### WORK TASK
Give every line of the material back exactly, images removed.

[Opening DATA SHOWN section]

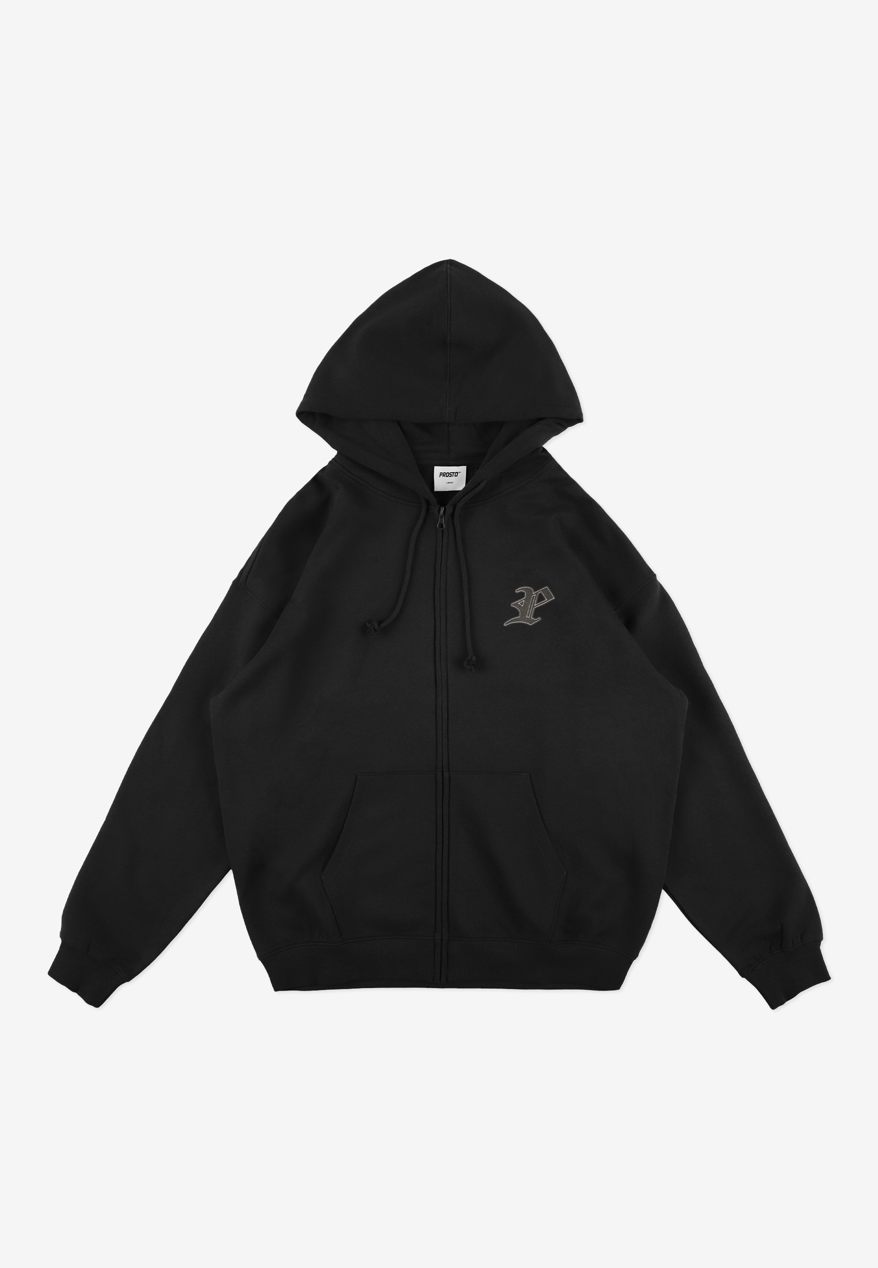 Zip Hoodie Gothic P Black – klasyczne czarne Hoodie w unowocześnionym wydaniu. Gotycka litera „P” na piersi i plecach to odejście od typowej formy logo Prosto – zamiast pełnego napisu mamy minimalistyczny, ale mocny symbol, który wyróżnia ten model. Miękka, mięsista dzianina otula i zapewnia komfort, a zamek na całej długości pozwala nosić bluzę na wiele sposobów – rozpiętą na luźny t-shirt lub zapiętą, kiedy zrobi się chłodniej.
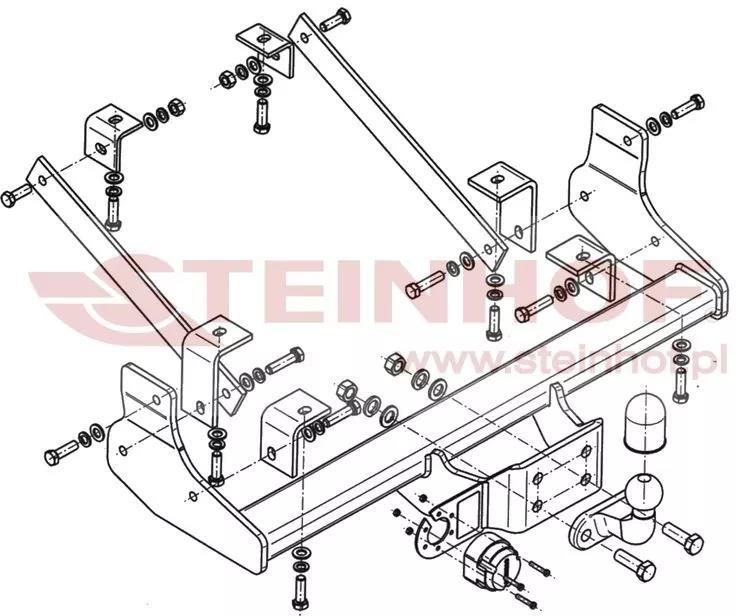 Hak Flanszowy STEINHOF R-062 Dane techniczne Homologacja: E20 Rodzaj kuli: Flanszowa Parametr "D" [kN]: 15,9 Max. uciąg [kg]: 3000 Max. nacisk pionowy [kg]: 120 Hak Flanszowy STEINHOF R-062 pasuje do poniższych aut: Kliknij tutaj aby rozwinąć listę(kliknij markę aby sprawdzić kompatybilne modele) OPEL OPEL Movano B Furgon, Minibus 3,5T (podwójne koła, ze stopniem, tylny napęd) [ 2010-2022 ] Wymaga zdjęcia / podcięcia zderzaka: NIE / NIE RENAULT RENAULT Master Furgon, Minibus 3,5T (podwójne koła, ze stopniem, tylny napęd) [ 2010-2023 ] Wymaga zdjęcia / podcięcia zderzaka: NIE / NIE Hak flanszowy STEINHOF to rozwiązanie stworzone z myślą o samochodach dostawczych i pojazdach użytkowych, które wymagają maksymalnej wytrzymałości i niezawodności. Ten typ haka jest wybierany przez kierowców, którzy cenią sobie solidność, prostotę i trwałość konstrukcji. Dzięki brakowi mechanizmów ruchomych hak flanszowy jest całkowicie bezawaryjny i nie wymaga konserwacji. Jego montaż odbywa się w dedykowanych punktach mocowania, co zapewnia idealne dopasowanie do konkretnego modelu auta – bez potrzeby spawania, cięcia czy przeróbek w podwoziu pojazdu. Hak można wykorzystywać do holowania przyczep, montażu bagażników rowerowych lub innych akcesoriów transportowych. W razie potrzeby demontaż kuli jest bardzo prosty – wystarczy odkręcić dwie śruby. W praktyce jednak większość użytkowników pozostawia hak zamontowany na stałe, ze względu na jego trwałość i funkcjonalność. Każdy hak holowniczy STEINHOF produkowany jest z wysokogatunkowej stali i pokrywany trwałą powłoką proszkową, która skutecznie zabezpiecza przed korozją i czynnikami atmosferycznymi. To gwarancja wysokiej jakości, bezpieczeństwa oraz długiej żywotności produktu – przy zachowaniu konkurencyjnej ceny. Produkty marki STEINHOF objęte są 2-letnią gwarancją producenta, co potwierdza ich niezawodność i precyzję wykonania. Co zawiera zestaw Belkę haka idealnie dopasowaną do Twojego auta Kulę flanszową Zestaw montażowy (wsporniki, śruby, podkładki, etc.) Osłonkę kuli (kapturek) Homologację - tabliczka znamionowa na belce - wymagana do rejestracji! Podstawka pod gniazdo elektryczne Instrukcja montażu Hak standardowo nie zawiera w zestawie wiązki elektrycznej. Odpowiednio dopasowane zestawy elektryczne znajdziesz poniżej. Producent lub osoba odpowiedzialna GRUPA STEINHOF SPÓŁKA Z OGRANICZONĄ ODPOWIEDZIALNOŚCIĄ Przemysłowa 27A 33-100 Tarnów sekretariat@steinhof.plOstrzeżenia dotyczące bezpieczeństwa: Montaż wyłącznie przez wykwalifikowany warsztat. Nie przekraczać maksymalnego uciągu i nacisku na kulę określonych przez producenta. Przed każdą jazdą sprawdzić mocowanie i stan haka. Nie używać haka z oznakami uszkodzenia lub luzami. Nie modyfikować elementów haka ani mocowań. Regularnie kontrolować momenty dokręcenia i stan połączeń. Używać wyłącznie do holowania pojazdów zgodnych z homologacją.
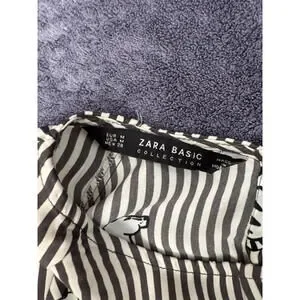 Playful Zara Basic Collection striped blouse featuring whimsical cat illustrations throughout the design. Lightweight and flowy with a flattering tie waist that creates a feminine silhouette.
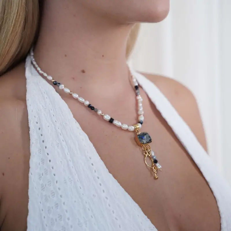 התכשיטים משובצים באבני קריסטל אוסטריות או צ׳כיות, זרקונים, אבני חן טבעיות חצי יקרות, פנינים מתורבתות.

[Closing DATA SHOWN section]

### TASK SOLUTION
 Zip Hoodie Gothic P Black – klasyczne czarne Hoodie w unowocześnionym wydaniu. Gotycka litera „P” na piersi i plecach to odejście od typowej formy logo Prosto – zamiast pełnego napisu mamy minimalistyczny, ale mocny symbol, który wyróżnia ten model. Miękka, mięsista dzianina otula i zapewnia komfort, a zamek na całej długości pozwala nosić bluzę na wiele sposobów – rozpiętą na luźny t-shirt lub zapiętą, kiedy zrobi się chłodniej.
 Hak Flanszowy STEINHOF R-062 Dane techniczne Homologacja: E20 Rodzaj kuli: Flanszowa Parametr "D" [kN]: 15,9 Max. uciąg [kg]: 3000 Max. nacisk pionowy [kg]: 120 Hak Flanszowy STEINHOF R-062 pasuje do poniższych aut: Kliknij tutaj aby rozwinąć listę(kliknij markę aby sprawdzić kompatybilne modele) OPEL OPEL Movano B Furgon, Minibus 3,5T (podwójne koła, ze stopniem, tylny napęd) [ 2010-2022 ] Wymaga zdjęcia / podcięcia zderzaka: NIE / NIE RENAULT RENAULT Master Furgon, Minibus 3,5T (podwójne koła, ze stopniem, tylny napęd) [ 2010-2023 ] Wymaga zdjęcia / podcięcia zderzaka: NIE / NIE Hak flanszowy STEINHOF to rozwiązanie stworzone z myślą o samochodach dostawczych i pojazdach użytkowych, które wymagają maksymalnej wytrzymałości i niezawodności. Ten typ haka jest wybierany przez kierowców, którzy cenią sobie solidność, prostotę i trwałość konstrukcji. Dzięki brakowi mechanizmów ruchomych hak flanszowy jest całkowicie bezawaryjny i nie wymaga konserwacji. Jego montaż odbywa się w dedykowanych punktach mocowania, co zapewnia idealne dopasowanie do konkretnego modelu auta – bez potrzeby spawania, cięcia czy przeróbek w podwoziu pojazdu. Hak można wykorzystywać do holowania przyczep, montażu bagażników rowerowych lub innych akcesoriów transportowych. W razie potrzeby demontaż kuli jest bardzo prosty – wystarczy odkręcić dwie śruby. W praktyce jednak większość użytkowników pozostawia hak zamontowany na stałe, ze względu na jego trwałość i funkcjonalność. Każdy hak holowniczy STEINHOF produkowany jest z wysokogatunkowej stali i pokrywany trwałą powłoką proszkową, która skutecznie zabezpiecza przed korozją i czynnikami atmosferycznymi. To gwarancja wysokiej jakości, bezpieczeństwa oraz długiej żywotności produktu – przy zachowaniu konkurencyjnej ceny. Produkty marki STEINHOF objęte są 2-letnią gwarancją producenta, co potwierdza ich niezawodność i precyzję wykonania. Co zawiera zestaw Belkę haka idealnie dopasowaną do Twojego auta Kulę flanszową Zestaw montażowy (wsporniki, śruby, podkładki, etc.) Osłonkę kuli (kapturek) Homologację - tabliczka znamionowa na belce - wymagana do rejestracji! Podstawka pod gniazdo elektryczne Instrukcja montażu Hak standardowo nie zawiera w zestawie wiązki elektrycznej. Odpowiednio dopasowane zestawy elektryczne znajdziesz poniżej. Producent lub osoba odpowiedzialna GRUPA STEINHOF SPÓŁKA Z OGRANICZONĄ ODPOWIEDZIALNOŚCIĄ Przemysłowa 27A 33-100 Tarnów sekretariat@steinhof.plOstrzeżenia dotyczące bezpieczeństwa: Montaż wyłącznie przez wykwalifikowany warsztat. Nie przekraczać maksymalnego uciągu i nacisku na kulę określonych przez producenta. Przed każdą jazdą sprawdzić mocowanie i stan haka. Nie używać haka z oznakami uszkodzenia lub luzami. Nie modyfikować elementów haka ani mocowań. Regularnie kontrolować momenty dokręcenia i stan połączeń. Używać wyłącznie do holowania pojazdów zgodnych z homologacją.
 Playful Zara Basic Collection striped blouse featuring whimsical cat illustrations throughout the design. Lightweight and flowy with a flattering tie waist that creates a feminine silhouette.
 התכשיטים משובצים באבני קריסטל אוסטריות או צ׳כיות, זרקונים, אבני חן טבעיות חצי יקרות, פנינים מתורבתות.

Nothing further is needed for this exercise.